There’s not much good news coming out of the Middle East these days.
But one reason to take heart is the progress of nuclear negotiations between Iran and the West. Even as new conflicts sprout up elsewhere, a three-decade standoff between Tehran and Washington could be heading for a breakthrough.
The talks have gone more slowly than many supporters had hoped, with negotiators twice having to extend their deadlines. But that should come as no surprise.
After all, there’s over 35 years of mutual antipathy to overcome, and the technical details are tricky. Plus, Iran’s domestic politics — like our own — are complicated, with hardliners always accusing the pragmatic president of going soft.
President Barack Obama and his European allies can’t close the deal all by themselves. But there are three things our government can do that require no Iranian cooperation.
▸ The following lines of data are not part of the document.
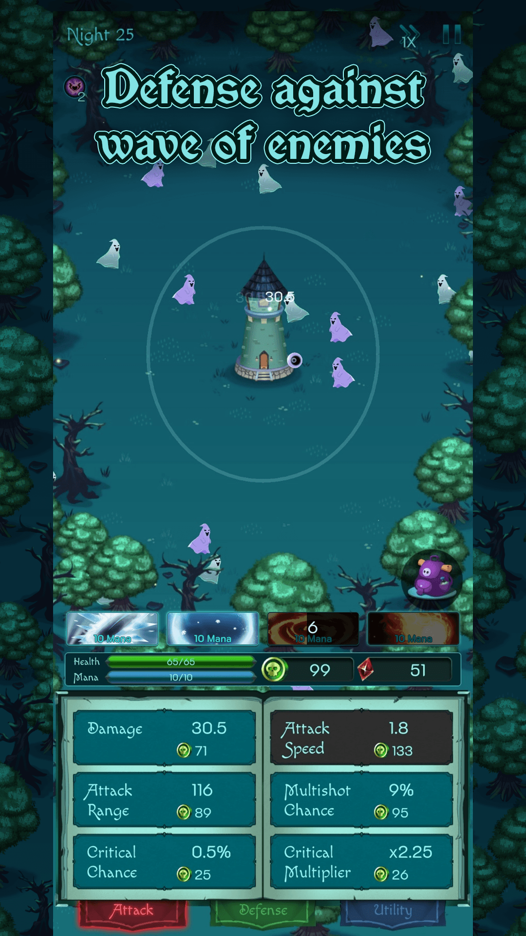 Step into the shoes of a young witch and protect your tower from waves of relentless enemies! Harness the power of spells, potions, and strategic tower upgrades to survive countless nights of battle. Face diverse enemies with unique mechanics, master magical defenses, and prove your skills in this idle tower defense adventure!
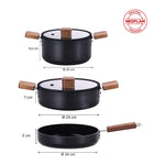 Set, 3 adet pişirme kabı (Tava, Sığ Tencere, Derin Tencere) ve bu kaplardan ikisine ait 2 adet cam kapaktan oluşmaktadır.
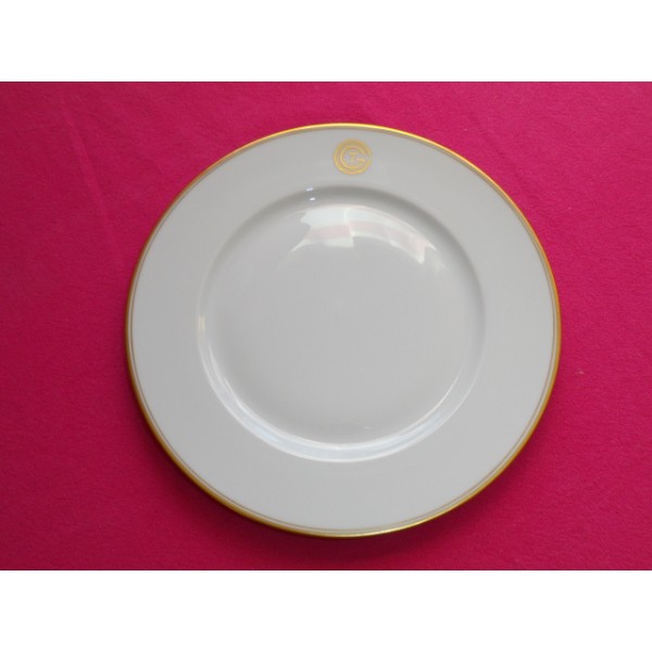 Ship Plate of Normandy Limoges porcelain made by Haviland and decorated by Jean Luce in Paris, 30s decor net gilded monogram and CGT (General Transatlantic Company).
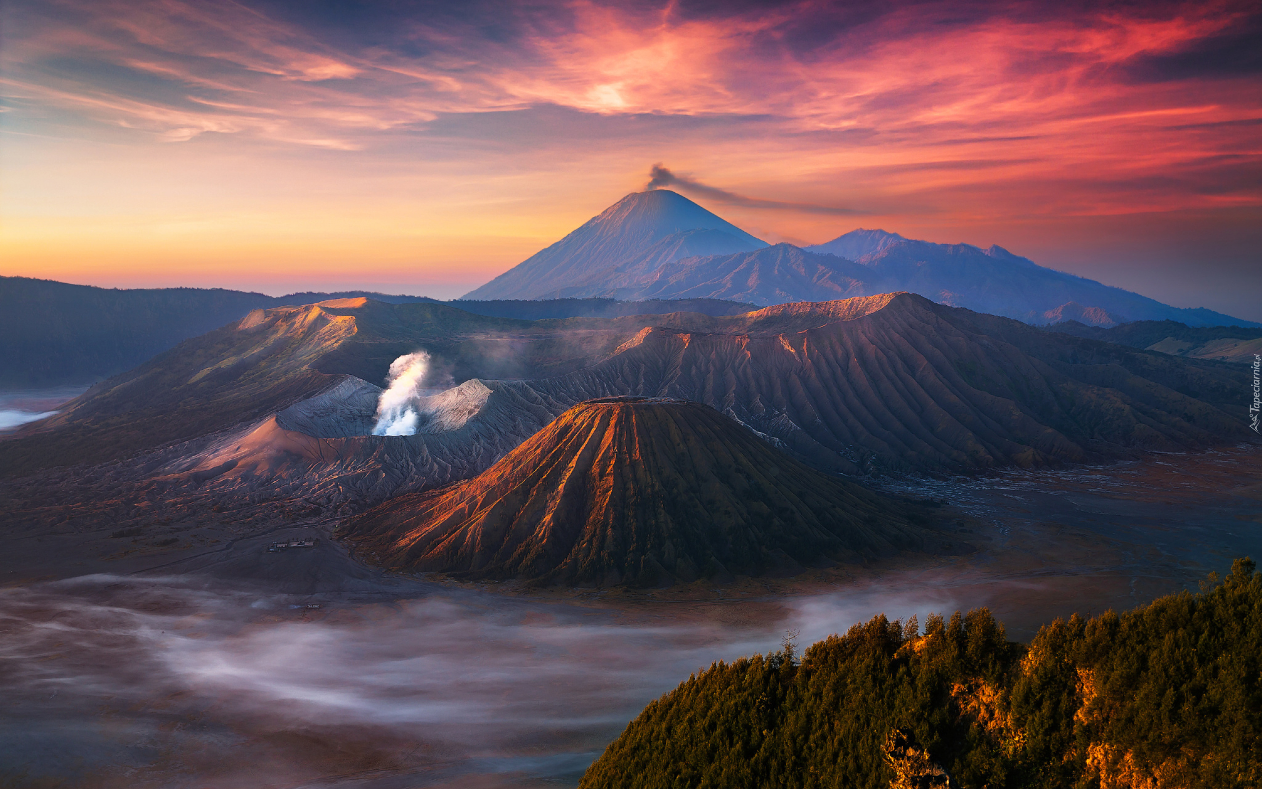 Edytor tapety: Czynny wulkan Mount Bromo na wyspie Jawa
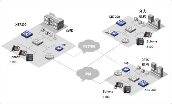 當企業(yè)存在多個大型分部的時候,如一個國際性公司。則可以在各個分部部署XE7000冗余方案,每個分部維護獨立的本地用戶信息。各小分支機構的IP語音終端可以直接注冊到本地XE7000上,從而實現(xiàn)整網(wǎng)的分布式部署。
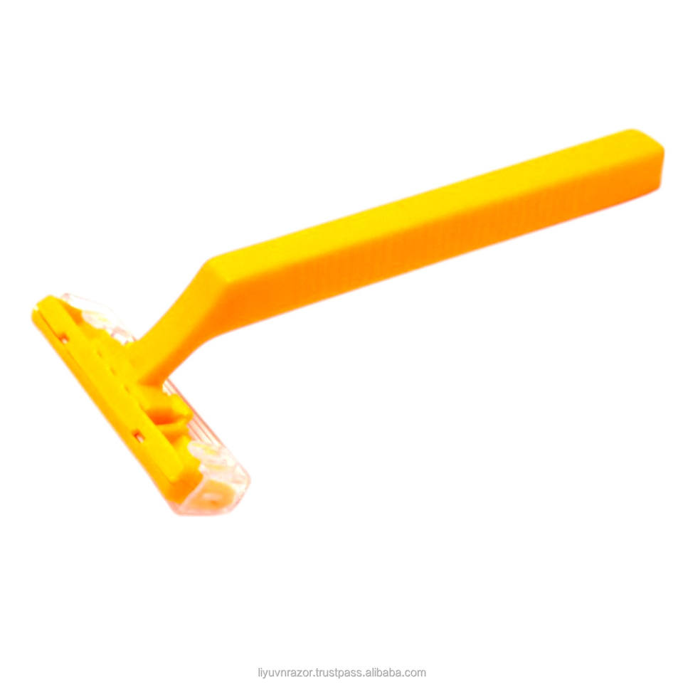 มีดโกนพลาสติกแบบใช้แล้วทิ้งสำหรับผู้ชายโกนหนวดแฝดแบบใบมีด2ใบ
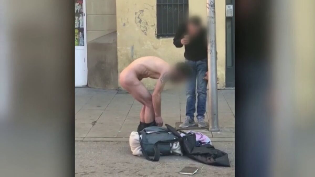 Un hombre desnudo se droga en pleno barrio del Raval, en Barcelona
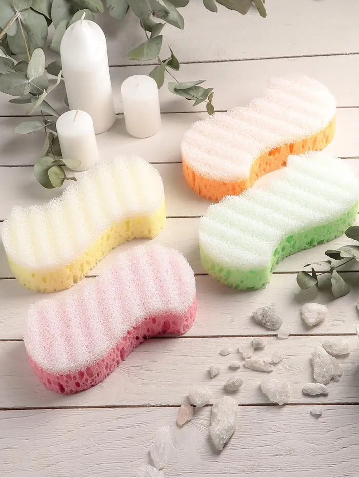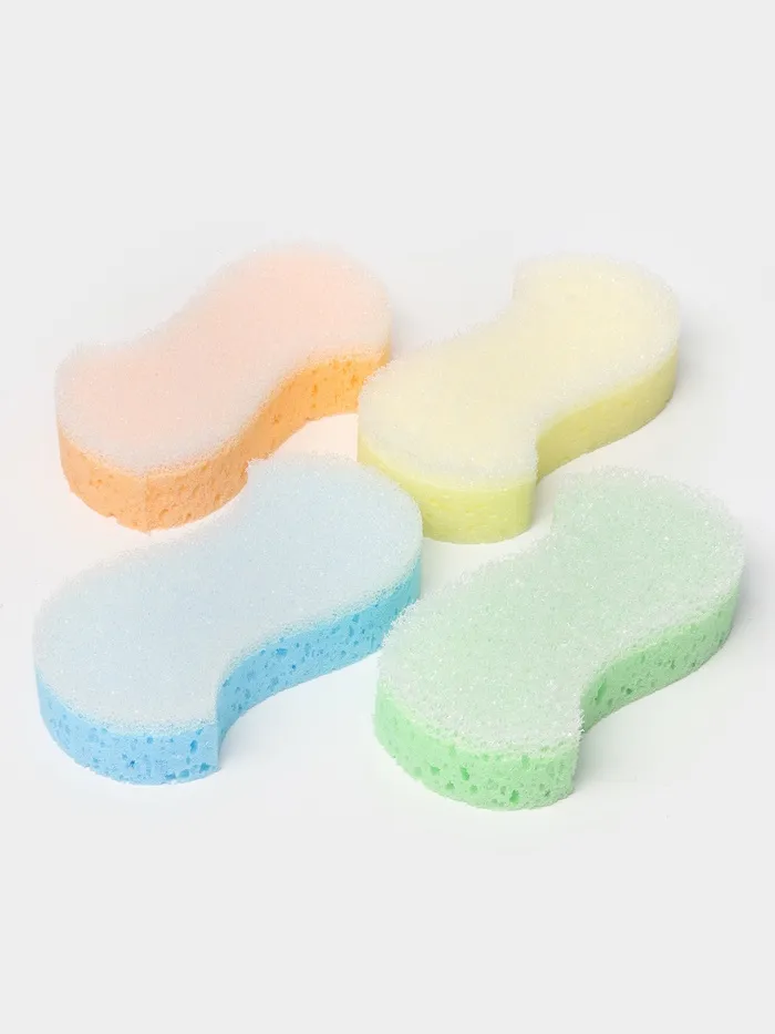 Губки состоят из двух слоёв — мягкого деликатного и грубого пористого. Изделия хорошо применять для массажа тела. Шероховатая сторона губки эффективно стимулирует кровообращение, отшелушивает и удаляет мёртвую кожу. Благодаря пористой структуре губки моющие средства обильно пенятся даже в небольшом количестве.

First, the White House must hold firm to its line against imposing any new sanctions on Iran while the talks progress. More pressure won’t make the Iranians knuckle under.
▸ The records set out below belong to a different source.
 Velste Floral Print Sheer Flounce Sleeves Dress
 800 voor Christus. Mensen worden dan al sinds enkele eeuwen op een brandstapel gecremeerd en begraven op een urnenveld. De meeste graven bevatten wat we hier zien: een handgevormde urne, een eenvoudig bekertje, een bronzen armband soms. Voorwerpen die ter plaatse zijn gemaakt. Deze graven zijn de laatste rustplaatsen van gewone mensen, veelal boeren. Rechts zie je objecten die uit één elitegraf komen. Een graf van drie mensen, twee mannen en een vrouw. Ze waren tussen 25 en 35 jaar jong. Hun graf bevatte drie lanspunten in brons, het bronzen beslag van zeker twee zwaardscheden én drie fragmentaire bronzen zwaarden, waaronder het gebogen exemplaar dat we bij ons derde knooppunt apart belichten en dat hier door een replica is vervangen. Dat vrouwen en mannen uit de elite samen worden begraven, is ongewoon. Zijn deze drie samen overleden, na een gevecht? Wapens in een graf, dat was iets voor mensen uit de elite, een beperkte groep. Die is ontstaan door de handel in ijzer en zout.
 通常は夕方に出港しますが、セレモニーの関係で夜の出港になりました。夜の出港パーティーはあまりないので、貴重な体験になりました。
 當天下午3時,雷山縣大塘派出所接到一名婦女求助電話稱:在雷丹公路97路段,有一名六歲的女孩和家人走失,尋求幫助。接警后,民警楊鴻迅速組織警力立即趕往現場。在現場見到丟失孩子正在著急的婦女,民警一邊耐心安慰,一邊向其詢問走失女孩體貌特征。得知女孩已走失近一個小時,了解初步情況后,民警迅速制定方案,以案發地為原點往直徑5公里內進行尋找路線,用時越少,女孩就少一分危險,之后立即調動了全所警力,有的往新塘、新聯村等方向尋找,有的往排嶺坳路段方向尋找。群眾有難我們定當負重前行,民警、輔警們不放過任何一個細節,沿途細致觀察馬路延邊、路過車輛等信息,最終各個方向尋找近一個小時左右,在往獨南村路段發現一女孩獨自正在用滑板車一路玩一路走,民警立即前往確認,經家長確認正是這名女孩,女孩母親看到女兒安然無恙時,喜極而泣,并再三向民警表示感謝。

Sanctions have hurt the Iranian economy, yes, but their political effect has been to deepen Iranian distrust of the United States.
Every time someone in Congress threatens to impose fresh restrictions on Iranian trade, someone in the hardline clergy thunders about the perfidy of “the Great Satan” — that is, the United States.
When it launched the latest negotiations, the United States promised to refrain from piling on more economic penalties. So Obama should make sure the ayatollahs don’t have a point — and keep his promise.
Second, the president should ignore the comic opera surrounding Israeli Prime Minister Benjamin Netanyahu’s upcoming address to Congress about Iran policy. Netanyahu firmly opposes against any agreement between Iran and the United States.
More than a breach of protocol — GOP leaders invited the prime minister without consulting Obama — Netanyahu’s proposed speech is blatant interference in American affairs. He’s claiming, in effect, that he knows better than Obama what’s best for the United States of America.
No wonder some Democrats in Congress are pledging to boycott the address. If Netanyahu speaks, Obama shouldn’t send Vice President Joe Biden (who, as leader of the Senate, would ordinarily attend) either.
Third, and most importantly, the administration must clearly explain to the public what’s at stake in the talks with Iran.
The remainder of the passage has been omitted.